What is exactly the difference between art rock and progressive rock, and where does contemporary indie rock music fall in that classification?

I am not very knowledgeable but I always associated the term "progessive rock" with long guitar solos, and generally long instrumental parts, did I get it right?


----------



## Kjetil Heggelund (Jan 4, 2016)

1) Classical (from ca. 1450-2018)
2) Metal (from Black Sabbath to Napalm Death)
3) World music (mainly African & Afro cuban and Norwegian!)
4) Disco, funk, soul (hey, that's RnB!)
5) Jazz (only sometimes, after searching Blue Note records or ECM)


----------



## Art Rock (Nov 28, 2009)

ZJovicic said:


> What is exactly the difference between art rock and progressive rock


Art Rock listens to progressive rock. 

Wikipedia does a reasonable job explaining the various genres:

Progressive rock
Art rock
Indie rock


----------



## ZJovicic (Feb 26, 2017)

Here's how it goes with me, btw:

Classical rock and hard rock - bands from former Yugoslav countries, and also Guns'n'Roses, AC/DC, Deep Purple, some Led Zeppelin, Jimi Hendrix etc...
Psychedelic music of the 60s - Late Beatles albums, Beach Boys, Janis Joplin, early Rolling Stones, etc
Some Reggae - Didn't explore it in detail, but I found that I generally like the sound of reggae music
Folk music - I like exploring folk and traditional music, currently mainly from Celtic region, Balkans and Italy
Some exploration of the 50s rock'n'roll
There are also some dance songs of various genres form 70s through 90s that I like, including the notorious genres of disco and eurodance 

Contemporary indie rock and pop music... St.Vincent, PJ Harvey, etc... just dabbling with it there's so much to explore there. I actually think contemporary music is not so bad, it's more like it's unexplored, usually the commercial stuff is hitting charts, and a lot of good albums stay under the radar.


----------



## San Antone (Feb 15, 2018)

Only *acoustic* versions of the following:

*Jazz*, from 1920s-1960s - especially early Duke, Armstrong and Jelly Roll.

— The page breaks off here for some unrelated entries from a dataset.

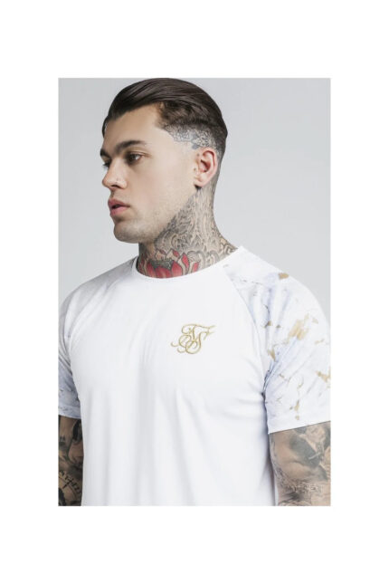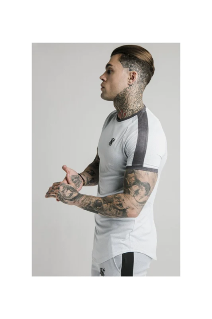Marbleise Raglan Curved Hem Tee – White & Light Grey
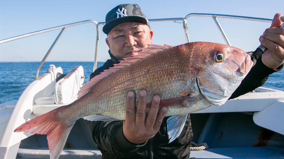 早くも心が折れそうになっていると、ロックフィッシュ狙いの赤松君がアカハタをゲットしたとのこと。気合を入れ直します。ヒットルアーは、赤のクロー系ワームのテキサスリグだというので、すぐに真似をします。
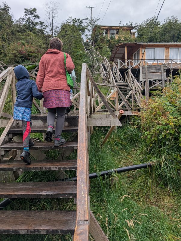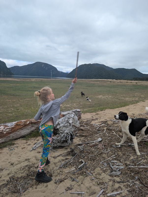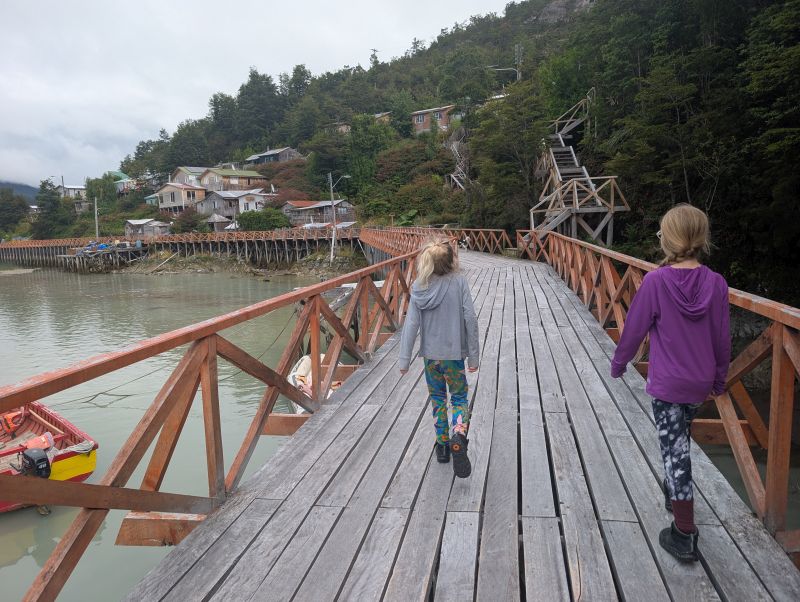 We only spent one rest day in Caleta Tortel, but it was delightful. We walked the entire length of town as a family, accompanied by three friendly dogs (the dogs essentially serve as tourist guides). The girls named them ‘Blackfur’, ‘Patches’, and ‘Oreo’. We walked all the way down to the beach, where H threw sticks for Oreo.
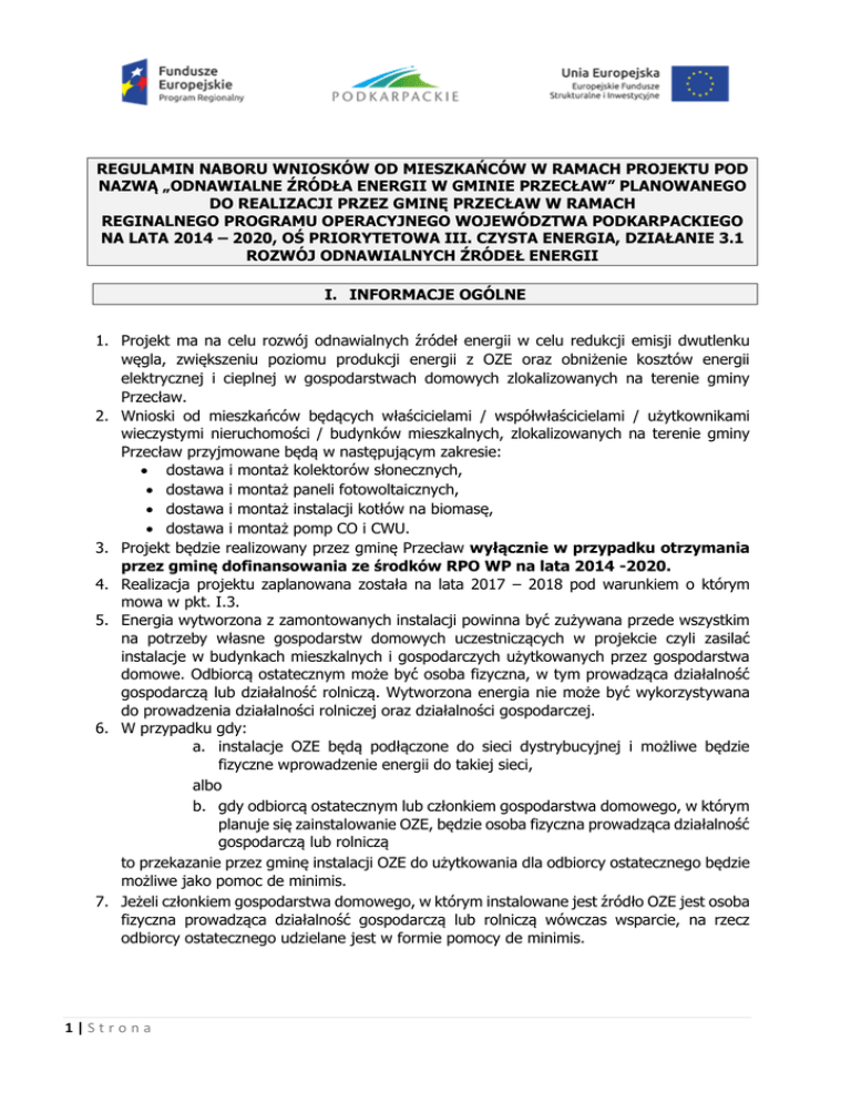 REGULAMIN NABORU WNIOSKÓW OD MIESZKAŃCÓW W RAMACH PROJEKTU POD NAZWĄ „ODNAWIALNE ŹRÓDŁA ENERGII W GMINIE PRZECŁAW” PLANOWANEGO DO REALIZACJI PRZEZ GMINĘ PRZECŁAW W RAMACH REGINALNEGO PROGRAMU OPERACYJNEGO WOJEWÓDZTWA PODKARPACKIEGO NA LATA 2014 – 2020, OŚ PRIORYTETOWA III. CZYSTA ENERGIA, DZIAŁANIE 3.1 ROZWÓJ ODNAWIALNYCH ŹRÓDEŁ ENERGII I. INFORMACJE OGÓLNE 1. Projekt ma na celu rozwój odnawialnych źródeł energii w celu redukcji emisji dwutlenku węgla, zwiększeniu poziomu produkcji energii z OZE oraz obniżenie kosztów energii elektrycznej i cieplnej w gospodarstwach domowych zlokalizowanych na terenie gminy Przecław. 2. Wnioski od mieszkańców będących właścicielami / współwłaścicielami / użytkownikami wieczystymi nieruchomości / budynków mieszkalnych, zlokalizowanych na terenie gminy Przecław przyjmowane będą w następującym zakresie: dostawa i montaż kolektorów słonecznych, dostawa i montaż paneli fotowoltaicznych, dostawa i montaż instalacji kotłów na biomasę, dostawa i montaż pomp CO i CWU. 3. Projekt będzie realizowany przez gminę Przecław wyłącznie w przypadku otrzymania przez gminę dofinansowania ze środków RPO WP na lata 2014 -2020. 4. Realizacja projektu zaplanowana została na lata 2017 – 2018 pod warunkiem o którym mowa w pkt. I.3. 5. Energia wytworzona z zamontowanych instalacji powinna być zużywana przede wszystkim na potrzeby własne gospodarstw domowych uczestniczących w projekcie czyli zasilać instalacje w budynkach mieszkalnych i gospodarczych użytkowanych przez gospodarstwa domowe. Odbiorcą ostatecznym może być osoba fizyczna, w tym prowadząca działalność gospodarczą lub działalność rolniczą. Wytworzona energia nie może być wykorzystywana do prowadzenia działalności rolniczej oraz działalności gospodarczej. 6. W przypadku gdy: a. instalacje OZE będą podłączone do sieci dystrybucyjnej i możliwe będzie fizyczne wprowadzenie energii do takiej sieci, albo b. gdy odbiorcą ostatecznym lub członkiem gospodarstwa domowego, w którym planuje się zainstalowanie OZE, będzie osoba fizyczna prowadząca działalność gospodarczą lub rolniczą to przekazanie przez gminę instalacji OZE do użytkowania dla odbiorcy ostatecznego będzie możliwe jako pomoc de minimis. 7. Jeżeli członkiem gospodarstwa domowego, w którym instalowane jest źródło OZE jest osoba fizyczna prowadząca działalność gospodarczą lub rolniczą wówczas wsparcie, na rzecz odbiorcy ostatecznego udzielane jest w formie pomocy de minimis. 1|Strona 8. Wykonanie instalacji możliwe jest również na budynkach nowobudowanych pod warunkiem złożenia oświadczenia, że budynek zostanie zasiedlony do 31 grudnia 2017 roku. 9. Projekt będzie współfinansowany ze środków pochodzących z Europejskiego Funduszu Rozwoju Regionalnego. Wysokość dofinansowania wyniesie do 70% kosztów kwalifikowanych (kosztów netto). 10. Wkład własny mieszkańców wyniesie 30% kosztów kwalifikowanych (kosztów netto) oraz podatek VAT od całej wartości urządzenia i kosztów instalacji (tj. 8% w przypadku montażu na budynku mieszkalnym lub 23% w przypadku innej lokalizacji urządzeń: na gruncie lub budynku gospodarczym). W przypadku wystąpienia w projekcie kosztów niekwalifikowanych uczestnik pokrywa również te koszty. Ostateczna decyzja co może stanowić wydatek kwalifikowany objęty dofinansowaniem uzależniona jest od Urzędu Marszałkowskiego Województwa Podkarpackiego. 11. W momencie odzyskania podatku VAT przez gminę Przecław podatek VAT zostanie zwrócony uczestnikom projektu. 12. Wszystkie zamontowane w ramach realizacji projektu instalacje przez okres nie krótszy niż 5 lat od zakończenia projektu tj. od dnia wypłaty ostatniej transzy dofinansowania, stanowić będą własność gminy Przecław i przez ten czas zostaną użyczone do bezpłatnego użytkowania właścicielom / współwłaścicielom / użytkownikom wieczystym nieruchomości. Po tym okresie zostaną przekazane uczestnikowi na własność. 13. Szczegółowe informacje dotyczące naboru wniosków od mieszkańców można uzyskać osobiście w Urzędzie Miejskim w Przecławiu, ul. Kilińskiego 7, 39-320 Przecław w pokoju nr 13 C, telefonicznie pod nr tel. 17/227 67 12, w godzinach pracy Urzędu Miejskiego w Przecławiu lub na stronie internetowej www.przeclaw.org . Pytania prosimy kierować również na adres e-mail: [email protected] i [email protected] . 14. Złożony kompletny wniosek zostanie zarejestrowany, a składający otrzyma potwierdzenie przyjęcia wniosku oraz numer ewidencyjny, którym identyfikowany będzie w trakcie realizacji projektu. 15. Wniosek niekompletny lub złożony po terminie pozostanie bez rozpatrzenia, o czym tut. urząd nie będzie informował. II. TERMIN I MIEJSCE SKŁADANIA WNIOSKÓW OD MIESZKAŃCÓW 1. Nabór wniosków prowadzony będzie w terminie od 7 listopada 2016 r. do 25 listopada 2016 r. w Urzędzie Miejskim w Przecławiu w pokoju Nr 13C w godzinach od 7:30 do 15:30. 2. Gmina Przecław zastrzega sobie prawo do wydłużenia okresu składania wniosków określonego w pkt. II.1. W takiej sytuacji jednak wszystkie Wnioski złożone po terminie naboru określonego w pkt. II.1 umieszczane będą na tzw. „Dodatkowej liście rezerwowej”. O wprowadzeniu danego wniosku z „Dodatkowej listy rezerwowej” na „Listę podstawową” decydować będzie weryfikacja tych wniosków prowadzona zgodnie z przyjętymi kryteriami punktowymi. Pierwszeństwo do umieszczenia wniosku na „Liście podstawowej” będą miały 2|Strona osoby, które znalazły się na „Liście rezerwowej” wniosków złożonych w terminie określonym w pkt. II.1. 3. O fakcie wydłużenia terminu składania wniosków mieszkańcy zostaną poinformowani przez stronę internetową www.przeclaw.org . III. UCZESTNICY PROJEKTU Uczestnikiem projektu 1. Osoby fizyczne zameldowane na terenie gminy Przecław, będące właścicielem, współwłaściciel

*Blues*, from 1920s-1960s - country blues, mainly

*Old-time/mountain* music, including the newer bands playing a style of this kind of music

*Bluegrass*, a lot of the newer bands

*Early country*, 1930s-1960s

Actually, classical is not my first choice among genres.


----------



## Bulldog (Nov 21, 2013)

San Antone said:


> Actually, classical is not my first choice among genres.


That's a brave declaration to make. As for me, it's mostly classical all the time. I do listen to some rock on youtube now and then, and there's also some blues for romantic episodes.


----------



## San Antone (Feb 15, 2018)

Bulldog said:


> That's a brave declaration to make. As for me, it's mostly classical all the time. I do listen to some rock on youtube now and then, and there's also some blues for romantic episodes.

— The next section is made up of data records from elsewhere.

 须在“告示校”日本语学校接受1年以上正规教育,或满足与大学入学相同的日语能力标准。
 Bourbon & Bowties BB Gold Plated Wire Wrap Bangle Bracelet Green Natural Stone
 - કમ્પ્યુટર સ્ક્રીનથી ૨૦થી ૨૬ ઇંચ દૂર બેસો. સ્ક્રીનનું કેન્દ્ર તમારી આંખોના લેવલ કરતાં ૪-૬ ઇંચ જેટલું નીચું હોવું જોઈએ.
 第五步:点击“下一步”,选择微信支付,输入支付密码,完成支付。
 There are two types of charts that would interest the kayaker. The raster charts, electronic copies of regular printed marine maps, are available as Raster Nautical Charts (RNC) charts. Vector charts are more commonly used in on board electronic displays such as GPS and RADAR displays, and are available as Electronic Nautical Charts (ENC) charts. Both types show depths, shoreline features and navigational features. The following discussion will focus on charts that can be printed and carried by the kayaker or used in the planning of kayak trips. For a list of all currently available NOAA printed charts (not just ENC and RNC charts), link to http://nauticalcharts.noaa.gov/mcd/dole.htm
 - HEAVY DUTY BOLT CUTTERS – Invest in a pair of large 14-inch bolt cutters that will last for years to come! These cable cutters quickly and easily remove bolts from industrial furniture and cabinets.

I know, but it's true. Classical is outnumbered by the aggregate of all the other genres, but if I were to compare them individually, it would hold its own.


----------



## Guest (Apr 12, 2018)

A poll-less poll. Cool!

Aside from CM;

Jazz (just getting back into it, after many years away...funny, I thought I'd ditched it permanently)

Blues (in the past)

Rock (this was my first genre, so about 40 years back. I still listen to rock, usually metal or the cerebral stuff that seems to have more sub genres than bands)


----------



## SixFootScowl (Oct 17, 2011)

Very little genre-wise in non-classical. Have favorite artists: Johnny Cash, Johnny Winter, Bob Dylan and Neil Young. What genre does that make for?


----------



## Bulldog (Nov 21, 2013)

Fritz Kobus said:


> Very little genre-wise in non-classical. Have favorite artists: Johnny Cash, Johnny Winter, Bob Dylan and Neil Young. What genre does that make for?


White guys..............


----------



## bz3 (Oct 15, 2015)

Pretty much just classical music and classic country (30s to 70s) for me. Occasionally some 70s or 90s rock, some 90s electronic, or some 50s and 60s (American) folk music.


----------



## Strange Magic (Sep 14, 2015)

30% Classical; 30% Rock and Pop; 30% traditional Cante Flamenco; 10% Other. No Jazz; no Rap; little Metal. Recent years listening to more World Music, especially of the Maghreb and west Africa.


----------



## Guest (Apr 13, 2018)

Oh yes, a bit of some traditional music: Japanese, Tibetan, Eastern European, Arabic...


----------



## bharbeke (Mar 4, 2013)

Country (Haggard era to present day)
Rock (1960s to now, whatever name that type of music goes by)
Jazz
Pop (a smattering)


----------